The researchers found that at least 25% of all rare loss of function variants in the average individual genome are actually structural variants, and that many people carry what on the face of it appear to be harmful structural alterations, but without the phenotypes or clinical outcomes that would be expected.
It was also noted that many genes are just as sensitive to duplication as to deletion, and that from an evolutionary perspective gaining one or more copies of a gene can be just as undesirable as losing one.
A great deal has been learned in compiling the catalogue of structural variants, Talkowski said. “But we’ve clearly only scratched the surface of understanding the influence of genome structure on biology and disease.”
Evaluating drug targets
One of the papers in the collection sets out a framework for using loss of function variants to evaluate drug targets, improve the clinical interpretation of genetic variants and to investigate specific loss of function variants in more detail.
Whiffin applied those principles to investigate gain of kinase function variants in the LRRK2 gene that are known to significantly increase the risk of Parkinson’s disease.
That suggests inhibition of LRRK2 activity is a promising target and, indeed, Denali Therapeutics Inc., of South San Francisco, has two Parkinson’s candidates in its pipeline aimed at that gene.
However, some animal models have raised concerns about on-target toxicity in the liver, lungs and kidneys.

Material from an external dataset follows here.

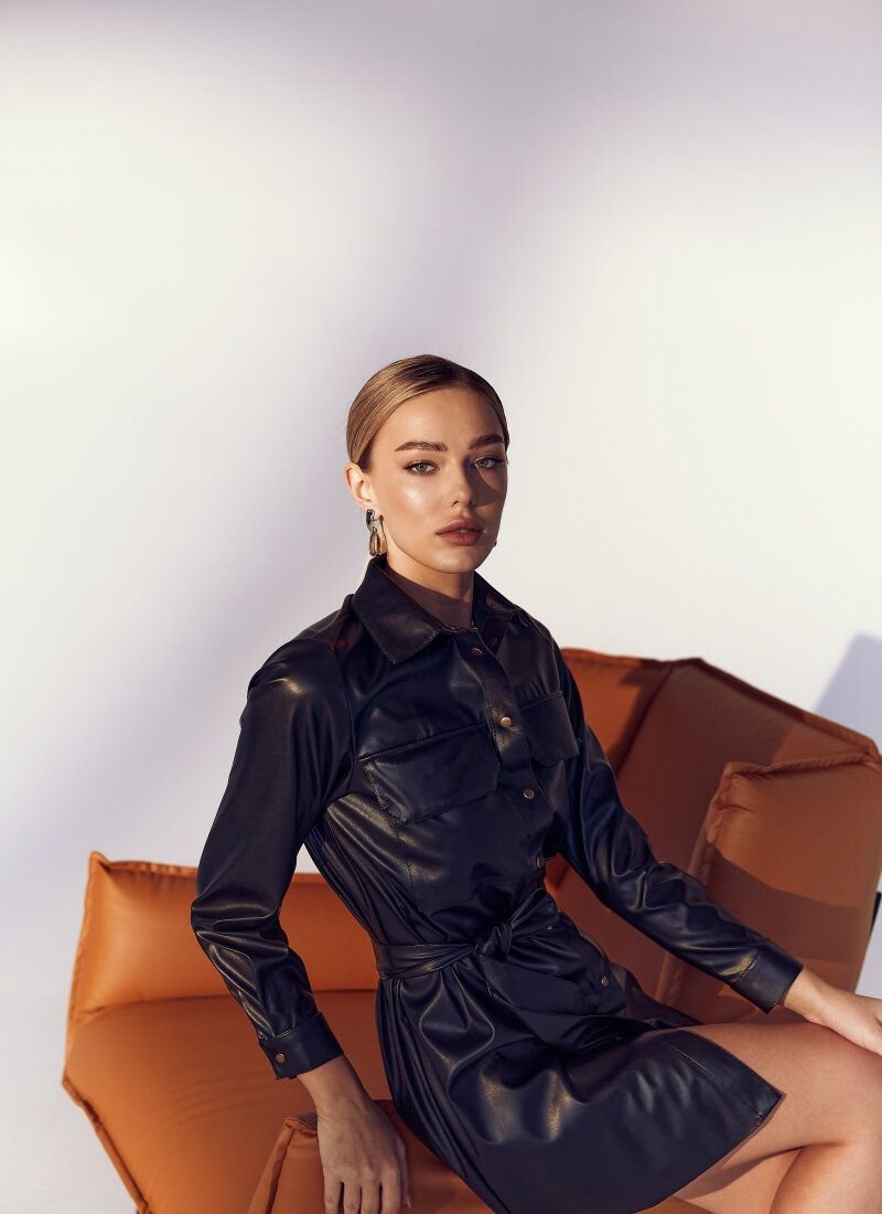 Shirt-cut dresses do not come off the fashion catwalks: they could be found at the shows of Celine and Chloé FW'20/21. The universal black model is complemented by a button closure, chest patch pockets and a turn-down collar. A wide belt made of textured eco-leather in the set emphasizes the waist.

A systematic analysis of sequence data identified 1,455 individuals with loss of function variants in LRRK2 that led to reduced production of the kinase.
“Looking at naturally occurring variants that lower the amount of protein in an individual, what is the effect? When we looked at the phenotypes, there was no lung, liver or kidney involvement, even though in model organisms knockouts get lung, liver and kidney problems,” Whiffin said.
“We’ve catalogued large amounts of gene disrupting variation in Gnomad,” said Daniel MacArthur, scientific lead of the Gnomad project, formerly of the Broad Institute and now director of the center for population genomics at the Garvan Institute for Medical Research in Sydney, Australia. “With these two studies, we’ve shown how you can then leverage those variants to illuminate and assess potential drug targets,” he said.